Figures 1a and 1b are schematic side views showing the basic configuration of a solar cell according to the present invention, in which figure 1a is the basic configuration of a type using transparent electrodes, and figure 1b is a schematic side view of the type using a metal substrate. This shows the basic configuration. 1...Transparent substrate, 2...ITO film, 3...SnO ₂
Film, 4... p-type amorphous semiconductor, 5... intrinsic amorphous silicon, 6... n-type amorphous silicon, 7... aluminum electrode, 8...

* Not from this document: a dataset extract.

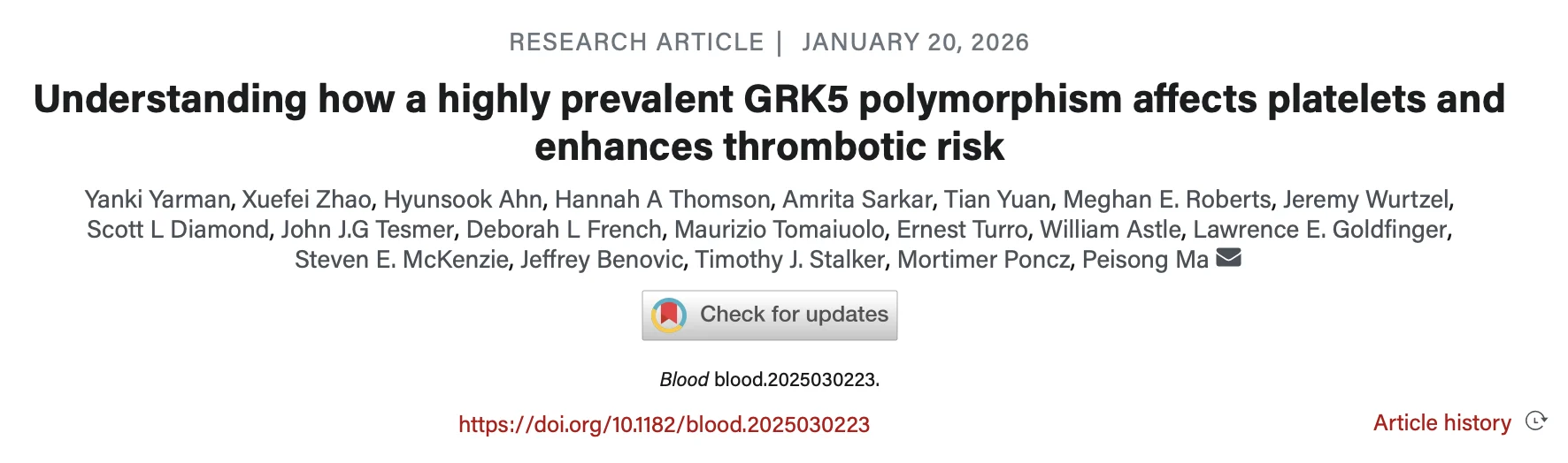 Article: Understanding how a highly prevalent GRK5 polymorphism affects platelets and enhances thrombotic risk
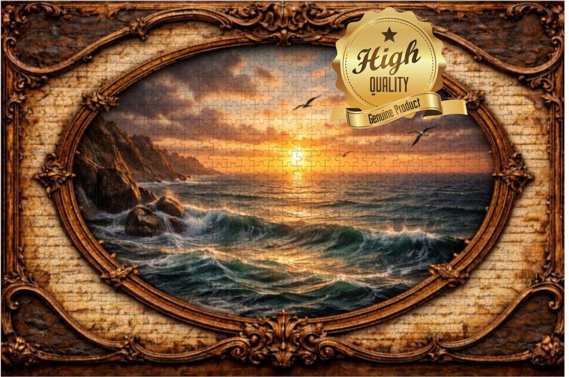 Relax and enjoy the peaceful beauty of the sea with this Ocean Sunset Wooden Jigsaw Puzzle. This stunning artwork features a bird soaring over glowing ocean waves at sunset, framed in an elegant vintage oval design that adds warmth and timeless charm to the scene.

ITO film, 9... SnO ₂ film, 10... n-type amorphous semiconductor, 11... intrinsic amorphous silicon, 12... p-type amorphous silicon, 13...
...Metal substrate.

Claims (1)

[Claims] 1. In a p-i-n junction amorphous silicon solar cell, ITO-SnO ₂ -p-i-n or
A highly efficient amorphous silicon solar cell characterized by an ITO-SnO ₂ -n-i-p structure and a SnO ₂ film thickness of about 30 Å to 500 Å. 2 In the above battery structure, the p-layer or n-layer amorphous semiconductor in contact with the SnO ₂ film has the general formula a
-Si _(1-x) Cx:H or a-Si _(1-y) Ny:H or a
-Si _(1-xy) CxNy Highly efficient amorphous silicon solar cell according to claim 1.